После такой матери мне оставалось только одно: стать поэтом. Чтобы избыть её дар — мне, который бы задушил или превратил меня в преступителя всех человеческих законов.

Мать — залила нас музыкой. (Из этой Музыки, обернувшейся Лирикой, мы уже никогда не выплыли — на свет дня!) Мать затопила нас как наводнение. Её дети, как те бараки нищих на берегу всех великих рек, отродясь были обречены. Мать залила нас всей горечью своего несбывшегося призвания, своей несбывшейся жизни, музыкой залила нас, как кровью, кровью второго рождения. Могу сказать, что я родилась не ins Leben, а in die Musik hinein. Все лучшее, что можно было слышать, я отродясь слышала (будущее включая!).

Откуда столько «мы» — если с детства такая ревность и борьба за внимание матери, такая всепоглощающая «любовь» к сестре? Асина сказка, мягко говоря просто ужаснула меня…

— Жила-была мать, у неё были две дочки…

— Муся и я! — быстро перебила Ася. — Муся лучше играла на рояле и лучше ела, а зато Ася… Асе зато вырезали слепую кишку, и она чуть не умерла… и она, как мама, умела свёртывать язык трубочкой, а Муся не умела, и вообще она была (с трудом и с апломбом) ми-ни-а-тюрная

— Да, — подтвердила мать, очевидно не слышавшая и сочинявшая свою сказку дальше, а может быть, думавшая совсем о другом, о сыновьях например, — две дочери, старшая и младшая.

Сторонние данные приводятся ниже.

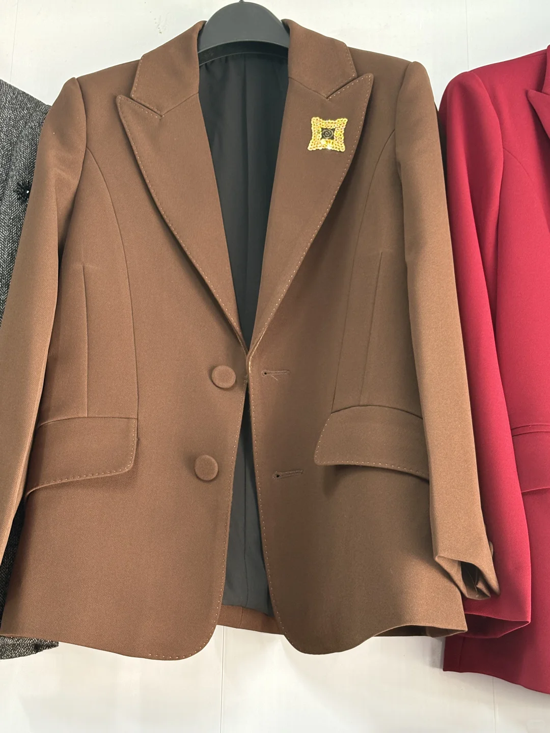 看似基础的驼棕色,细节全是惊喜:领口的明线针脚工整到想裱起来,胸口的亮片胸针是老板特意选的“点睛款”,上班穿高级不张扬,约会加条丝巾就能换风格。

— А зато старшая скоро состарилась, а младшая всегда была молодая, богатая и потом вышла замуж за генерала, Его Превосходительство, или за фотографа Фишера, — возбуждённо продолжала Ася, — а старшая за богадела Осипа, у которого сухая рука, потому что он убил брата огурцом. Да, мама?

— Да, — подтвердила мать.

— А младшая потом ещё вышла замуж за князя и за графа, и у неё было четыре лошади: Сахар, Огурчик и Мальчик — одна рыжая, другая белая, другая чёрная. А старшая — в это время — так состарилась, стала такая грязная и бедная, что Осип её из богадельни выгнал: взял палку и выгнал. И она стала жить на помойке, и столько ела помойки, что обратилась в жёлтую собаку, и вот раз младшая едет в ландо и видит: такая бедная, гадкая, жёлтая собака ест на помойке пустую кость, и — она была очень, очень добра! — её пожалела: «Садись, собачка, в экипаж!», а та (с ненавистным на меня взглядом) — сразу влезла — и лошади поехали. Но вдруг графиня поглядела на собаку и нечаянно увидела, что у неё глаза не собачьи, а такие гадкие, зелёные, старые, особенно — и вдруг узнала, что это её старшая, старая сестра, и разом выкинула её из экипажа — и та разбилась на четыре части вдребезги!

Удивили не только эти бесконечные «мы», но и бесчисленные «я», которыми пестрят станицы её воспоминаний.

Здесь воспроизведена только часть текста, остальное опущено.